Principal Solutions Engineer, Neo4j

Eric Monk is a Neo4j Principal Solutions Engineer and has been using Neo4j for nearly six years, helping customers implement Neo4j within their enterprise. Eric has a rich background in many aspects of data, including enterprise data integration, data wrangling, data analysis, and data visualization. Eric is based in the greater Washington, DC metro area.

Deep Dive

4:35 - 5:20

Parallel Data Import Into a Running Database

Importing relationships into a running graph database using multiple threads running concurrently is a difficult task, as multiple threads cannot write information to the same node at the same time. Here we present an algorithm in which relationships are sorted into bins, then imported such that no two threads ever access the same node concurrently.

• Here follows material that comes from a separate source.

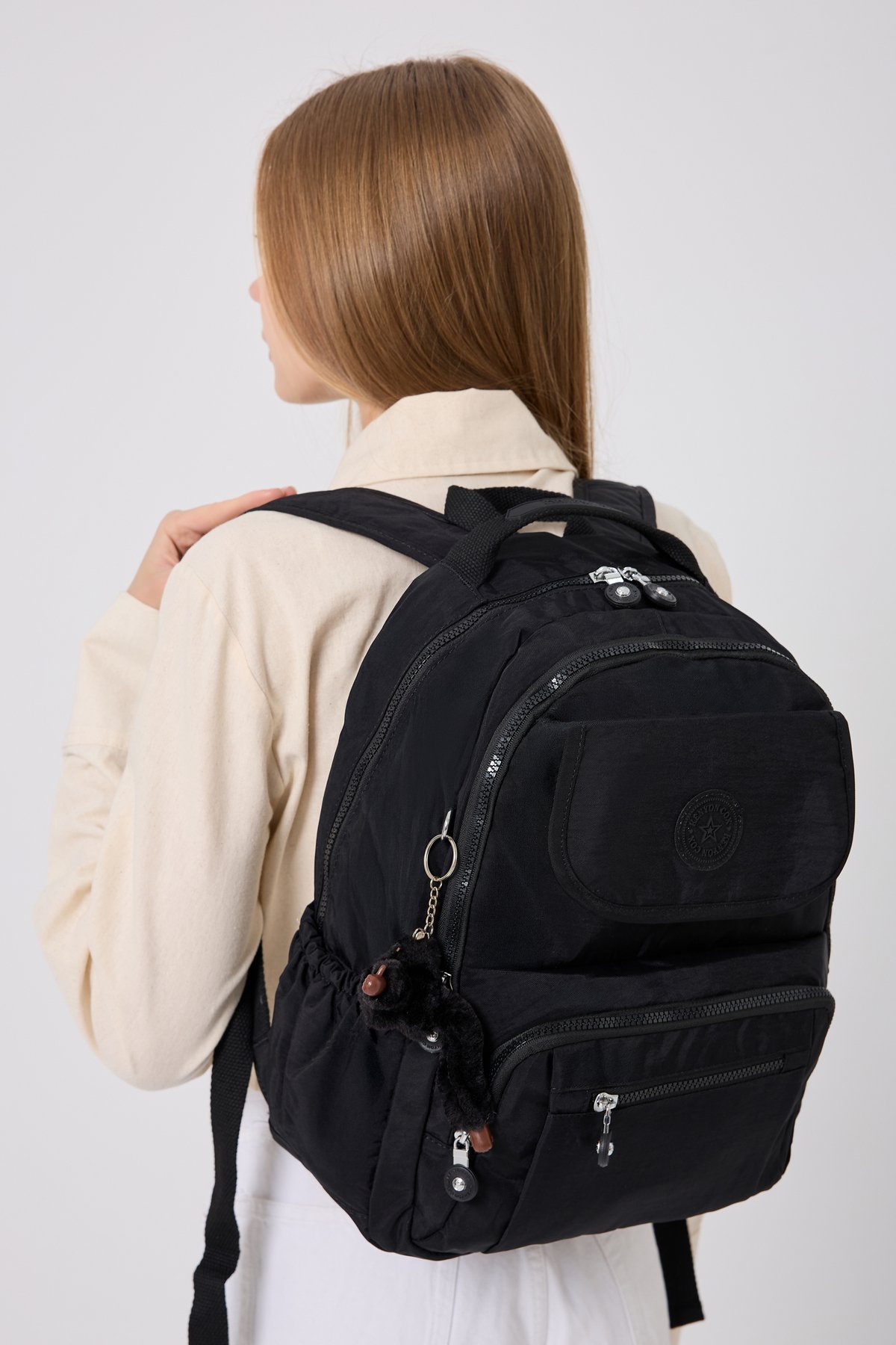 Kenyon Cox Büyük Boy Sırt Çantası ; Model: Büyük Boy Krınkıl Kumaş Sırt Çantası ; Soldan Sağa: 31 Cm Tabanı: 14 Cm Yüksekliği: 42 Cm Cep Sayısı: 6 Cepli, 2 Adet Yanlarda Suluk Bölmesi Mevcut ; Su Geçirmezlik : Yağmur Suyu Geçirmez ; Kumaş Sağlığı : Kanserojen Madde İçermez ; Kumaş Cinsi : En Yüksek Kalitede Krınkıl Kumaş Dayanıklı tekstil materyalden üretilmiş, uzun ömürlü kullanım sunar ; Deri detaylarının bulunmaması ile minimalist ve şık bir tasarıma sahiptir ; Seyahat,Okul Ve Günlük kullanım için idealdir ; Dokuma kumaş tipi sayesinde hafif ve konforlu bir taşıma deneyimi sağlar ; Yıkama talimatlarına uygun şekilde nemli bez ile temizlenebilir böylece çantanız her zaman yeni gibi kalır ; Unisex koleksiyon parçası olarak hem kadınlar hem de erkekler tarafından rahatlıkla kullanılabilir ; Tüm sezonlarda tercih edebileceğiniz bu sırt çantası, mevsimsel değişimlere uyum sağlar ; Kalitesini yansıtırken lisanslı deseniyle de stil sahibi görünüm kazandırır ; Tasarımıyla dinamik ve modern bir aksesuar seçeneği sunar ; Casual ve günlük ortamlarda rahatlıkla kombinlenebilen bu büyük boy sırt çantası, geniş iç hacmiyle eşyalarınızı düzenli tutmanızda yardımcı olur ; 16 ila 45 litre kapasiteye sahip olması sayesinde günlük ihtiyaçlarınız için yeterli alan sunarken aynı zamanda çok yönlülük sağlar ; Maymuncuk Anahtarlık Hediyeli, Çıkarılıp Takılabilir. ;

When this algorithm was implemented as a procedure to run on the Neo4j graph database, it reduced the time to import relationships by up to 69% when 32 threads were used.

Aleks Ontman

Aleks Ontman

Manager, Deloitte

Aleks Y. M. Ontman received his B.S. in electrical engineering from SUNY Binghamton in 2005 and his Ph.D. in Materials Science and Engineering from the University of Virginia in 2012. He is currently a manager in Strategy & Analytics practice with Deloitte Consulting LLP, specializing in application of Natural Language Processing and graph theory to government and commercial clients.

Joshua R. Porter

Joshua R. Porter

Senior Consultant, Mission Analytics, Deloitte

Joshua R. Porter received his B.S. in electrical and computer engineering from Lafayette College in 2006 and his Ph.D. in electrical and computer engineering from Johns Hopkins University in 2012. From 2012-2017, he did postdoctoral work in the National Cancer Institute, researching the p53 tumor suppressor protein and using mathematical models to understand its function. He is currently a Senior Consultant with Deloitte Consulting LLP, using graph databases to organize data and yield valuable insights.